Abstract

Rheumatoid arthritis (RA) is a disease of the joints that causes decreased quality of life. Mesenchymal stromal cells (MSCs) have immunosuppressive properties, with possible use in the treatment of RA. Similarly, interleukin (IL)-4 has been shown as a potential RA treatment. However, their combination has not been explored before. Therefore, this study aimed to investigate the effect of a combination therapy of MSCs and IL-4 in the treatment of RA, using a murine collagen-induced arthritis (CIA) model. Arthritis was induced in Balb/c mice by two intradermal injections of type II collagen (CII), at days 0 and 21. CIA mice were randomly assigned to four groups; group I received an intravenous injection of mouse bone marrow-derived MSCs, while group II received an intraperitoneal injection of IL-4. Group III received a combined treatment of MSC and IL-4, while group IV served as a CIA diseased control group receiving phosphate buffer saline (PBS). A fifth group of healthy mice served as the normal healthy control. To assess changes induced by different treatments, levels of RA-associated inflammatory cytokines and biomarkers were measured in the serum, knee joints, and synovial tissue, using ELISA and Real Time-qPCR. Histopathological features of knee joints were analyzed for all groups. Results showed that combined MSC and IL-4 treatment alleviated signs of synovitis in CIA mice, reverting to the values of healthy controls. This was evident by the decrease in the levels of rheumatic factor (RF), C-reactive protein (CRP) and anti-nuclear antibodies (ANA) by 64, 80, and 71%, respectively, compared to the diseased group. Moreover, tumor necrosis factor-alpha (TNF- α) and monocyte chemoattractant protein-1 (MCP-1) levels decreased by 63 and 68%, respectively. Similarly, our gene expression data showed improvement in mice receiving combined therapy compared to other groups receiving single treatment, where cartilage oligomeric matrix protein (Comp), tissue inhibitor metalloproteinase-1 (Timp1), matrix metalloproteinase1 (Mmp-1), and IL-1 receptor (Il-1r) gene expression levels decreased by 75, 70, and 78%, respectively. Collectively, treatment with a combined therapy of MSC and IL-4 might have an efficient therapeutic effect on arthritis.

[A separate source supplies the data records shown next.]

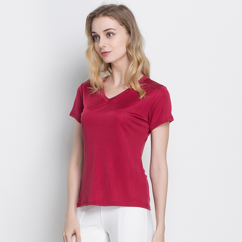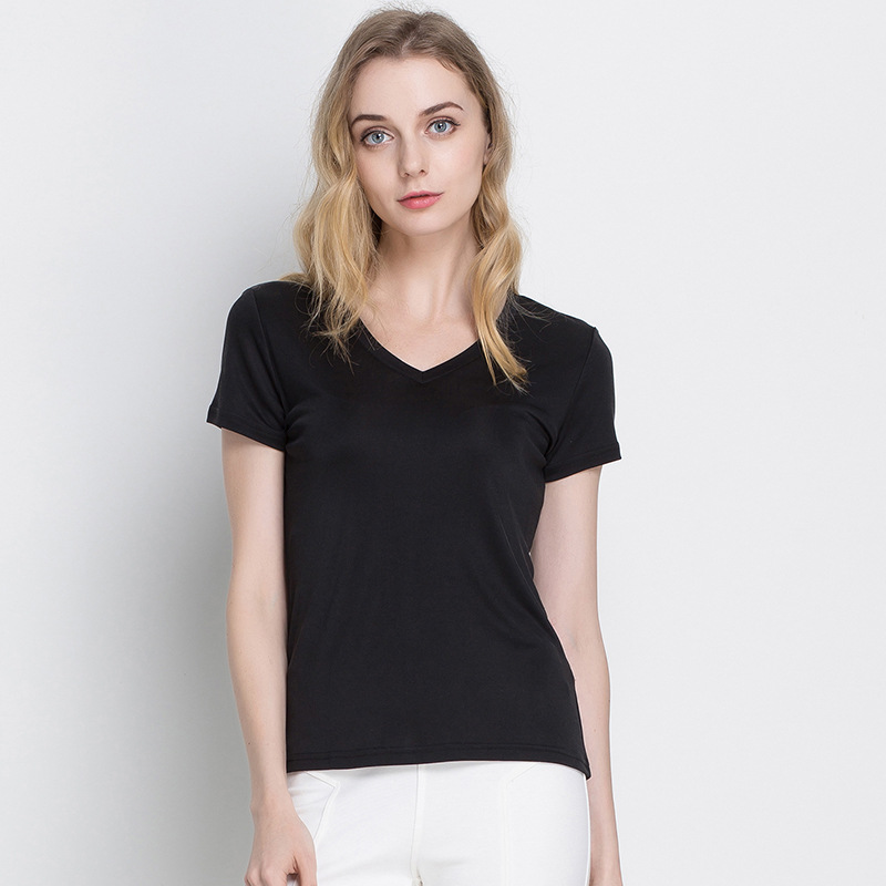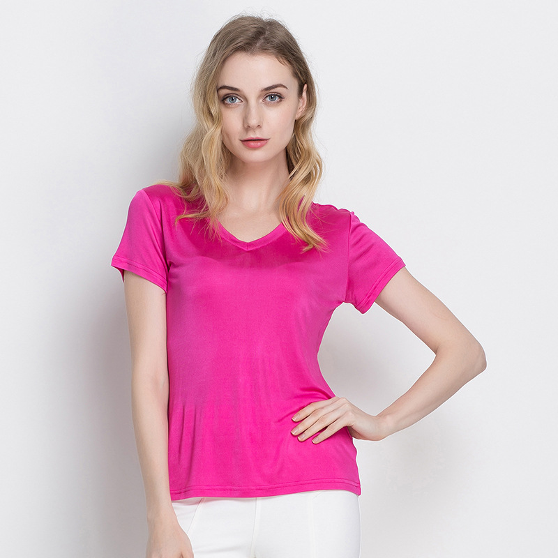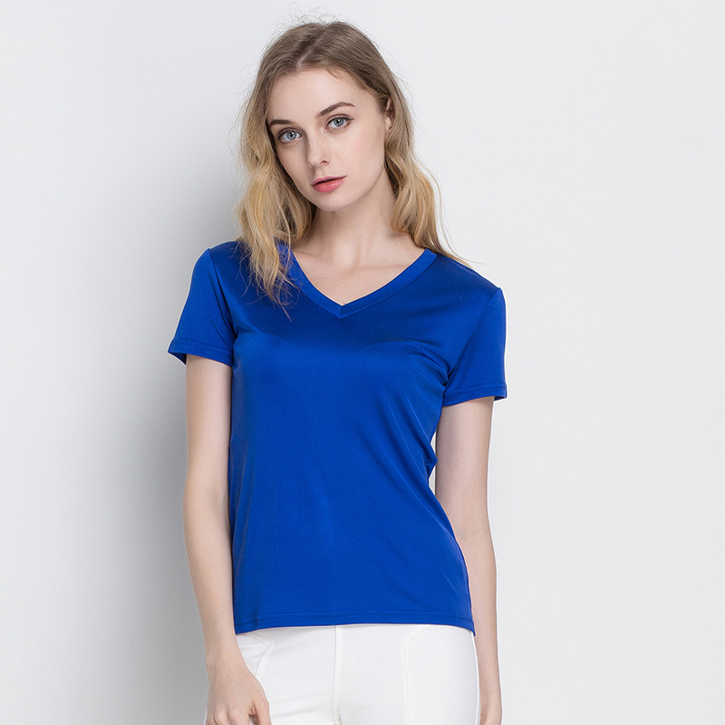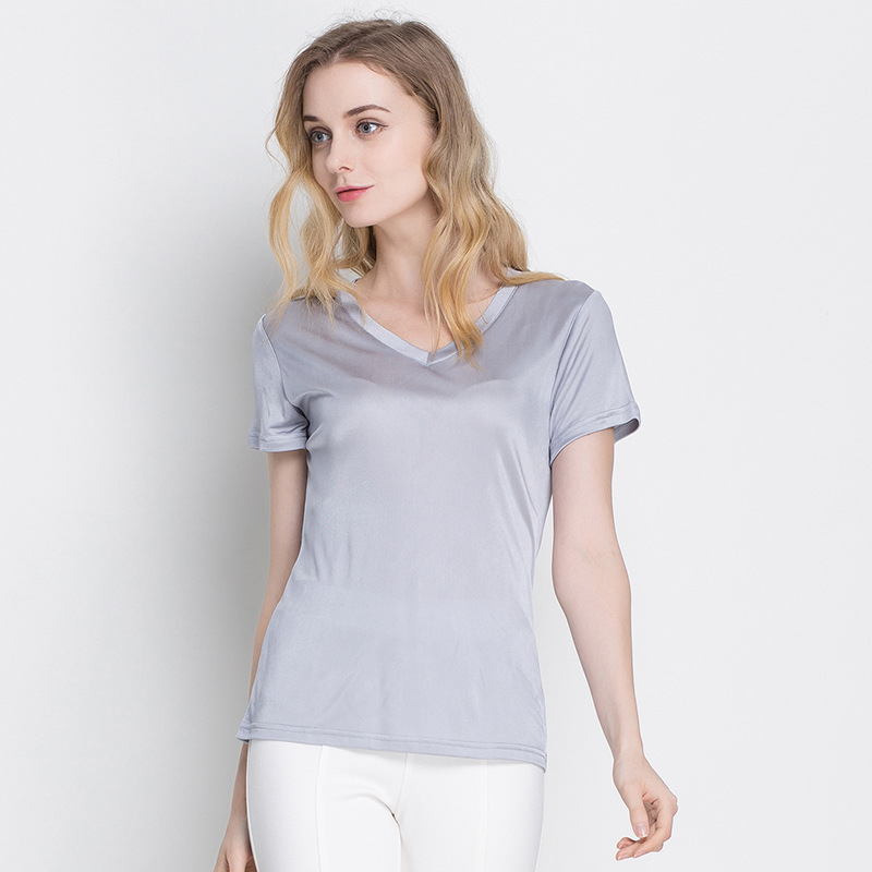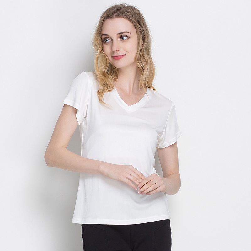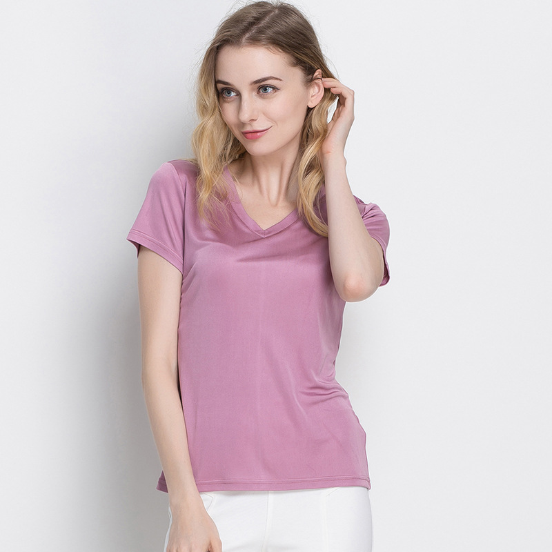 여름 뽕나무 실크 여성용 V-넥 반팔 티셔츠 양면 니트 실크 슬림핏 솔리드 컬러 베이스 셔츠 여성 탑스토어 가기
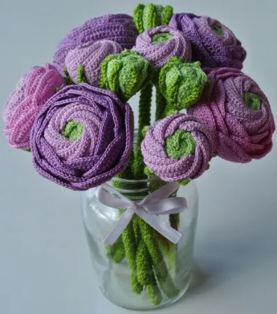 Люблю цветы. Мне всегда жалко выбрасывать завядшие цветы. Поэтому решила связать букет ранункулюсов. Работа шла долго, почти три недели. Вязала для удовольствия по вечерам. Букет выполнен в моей любимой цветовой гамме.
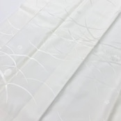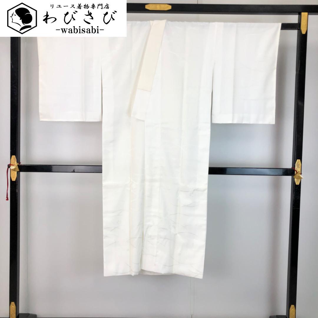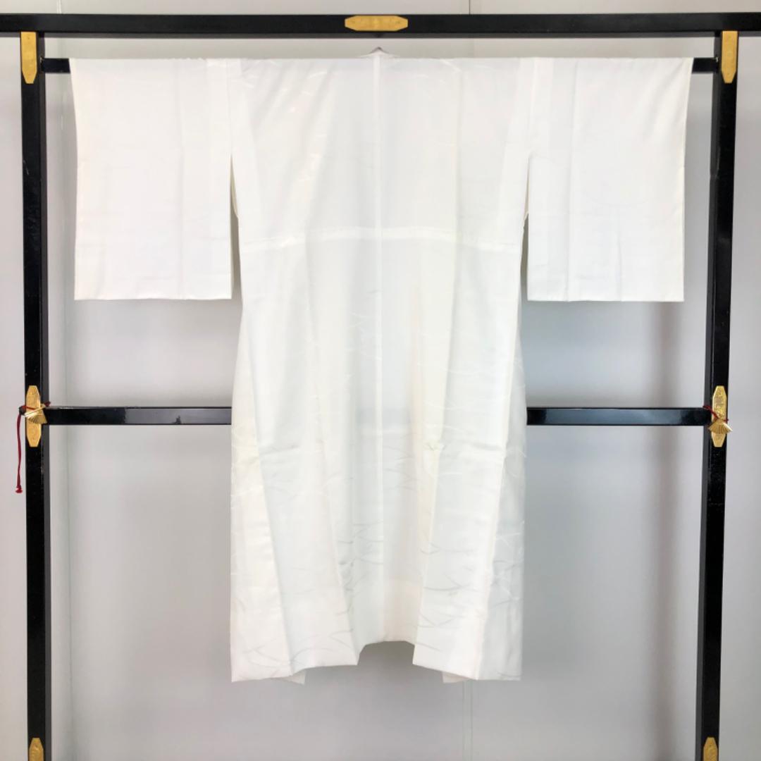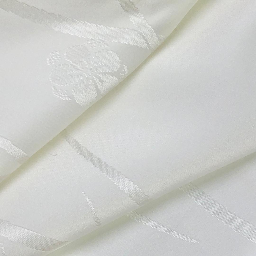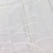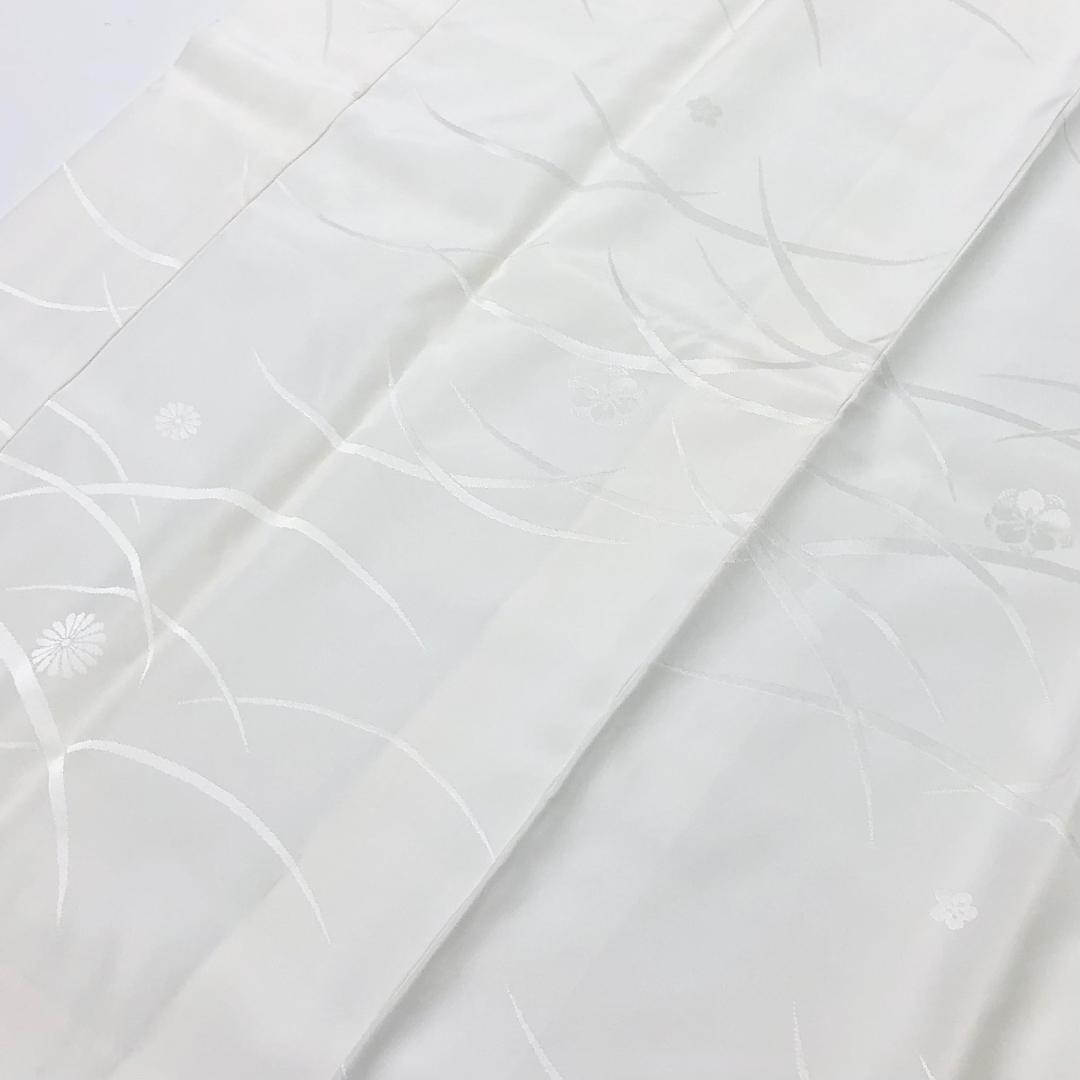 乳白色のお色味に芝に花模様の柄裄がデザインされた素敵なお品でございます。
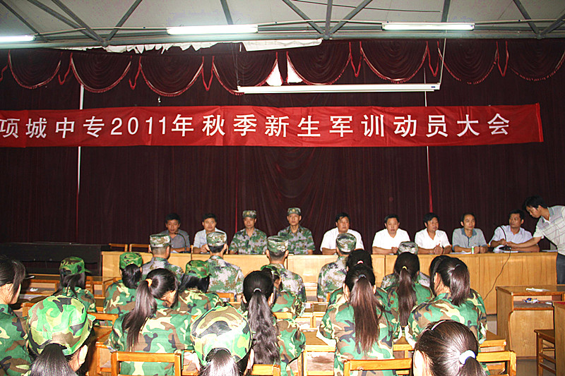8月17日上午,项城中专五楼会议室,数百名新生统一着装,列队整齐,军训动员大会正在召开。学校领导高必兴、潘志刚、王云昭、张锦军、付高木、陈新峰等出席会议,全体承训教官和新生班主任参加会议。
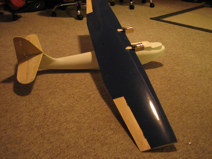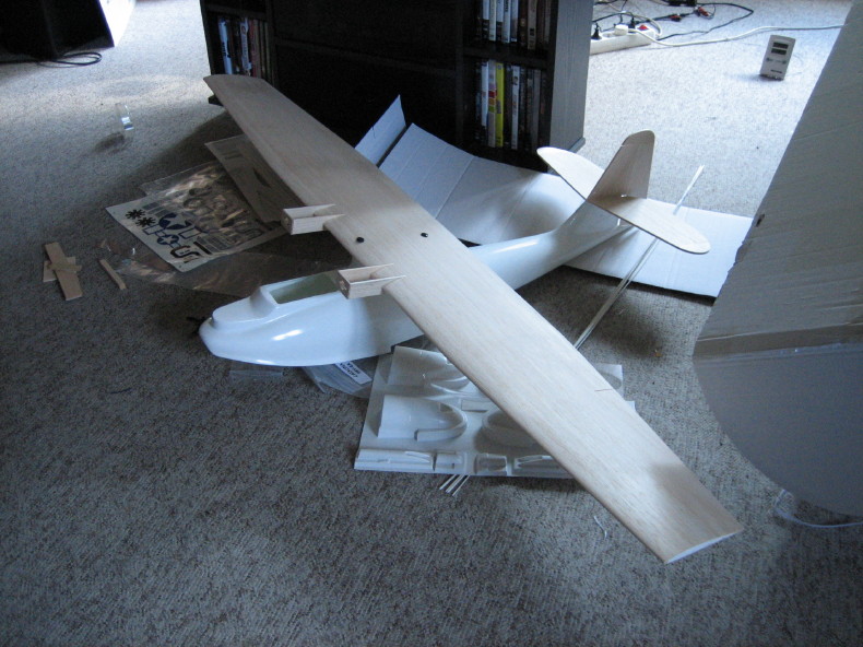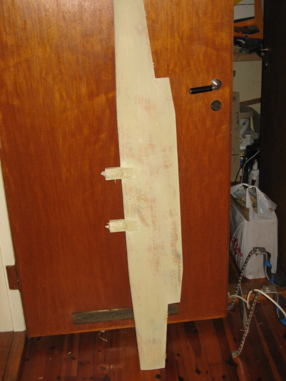 Jeg har valgt å glasse vinge og stab (all utvendig balsa). Dette blir sikker noe tyngre, men settet er i utgangspunktet veldig lett, så jeg håper på at det tåler den lille vektøkningen. Dessuten slipper jeg å tenke på å finne lakk som matcher trekk. Siste bilde er ferdig glasset vinge, grunnet og slipt og klar for lakkering. Jeg var litt ute av trening på glassing, så jeg greide å bomme kraftig på herdetid, noe som førte til en relativt tidkrevende slipejobb. Glassing av stabbe og ror gikk meget bedre

Thus, further studies are needed to assess the potential of different MSC populations in conjugation with IL-4 in the treatment of experimental arthritis.

Highlights

  • Rheumatoid arthritis (RA) is characterized by inflamed joints causing pain, swelling and stiffness

  • Mesenchymal stromal cells (MSCs) or IL-4 were used as therapy, there was a significant decrease in the rheumatic factor (RF) serum levels compared to the collagen-induced arthritis (CIA) group, by 60% and 49%, respectively (Figure 2A)

  • On using combined MSCs and IL-4 as a treatment, RF levels in the blood significantly decreased by 64% compared to the CIA group (Figure 2A)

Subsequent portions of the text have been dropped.